**Records provided**
++++++++++++++++++++
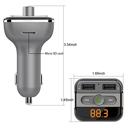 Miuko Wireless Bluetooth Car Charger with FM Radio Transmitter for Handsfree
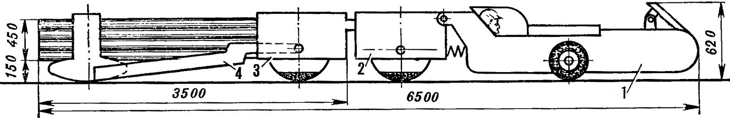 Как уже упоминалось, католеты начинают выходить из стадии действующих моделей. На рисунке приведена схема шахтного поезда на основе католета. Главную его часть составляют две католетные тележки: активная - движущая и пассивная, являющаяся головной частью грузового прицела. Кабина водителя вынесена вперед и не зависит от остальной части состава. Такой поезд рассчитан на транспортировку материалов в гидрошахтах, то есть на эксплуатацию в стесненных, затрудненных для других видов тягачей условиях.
++++++++++++++++++++
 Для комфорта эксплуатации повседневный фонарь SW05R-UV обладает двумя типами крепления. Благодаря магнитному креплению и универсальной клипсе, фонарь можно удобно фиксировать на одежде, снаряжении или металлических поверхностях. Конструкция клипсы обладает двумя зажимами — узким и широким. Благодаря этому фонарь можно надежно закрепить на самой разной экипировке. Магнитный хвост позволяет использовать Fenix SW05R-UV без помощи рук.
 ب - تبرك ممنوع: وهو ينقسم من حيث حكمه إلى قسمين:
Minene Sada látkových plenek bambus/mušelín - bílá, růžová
++++++++++++++++++++
**Problem statement**
In the records above, find the line with "Miuko Wireless Bluetooth" and the line with "Как уже упоминалось, католеты"; please transcribe exactly those two lines and all lines between them, omitting any picture.

**Response area**
 Miuko Wireless Bluetooth Car Charger with FM Radio Transmitter for Handsfree
 Как уже упоминалось, католеты начинают выходить из стадии действующих моделей. На рисунке приведена схема шахтного поезда на основе католета. Главную его часть составляют две католетные тележки: активная - движущая и пассивная, являющаяся головной частью грузового прицела. Кабина водителя вынесена вперед и не зависит от остальной части состава. Такой поезд рассчитан на транспортировку материалов в гидрошахтах, то есть на эксплуатацию в стесненных, затрудненных для других видов тягачей условиях.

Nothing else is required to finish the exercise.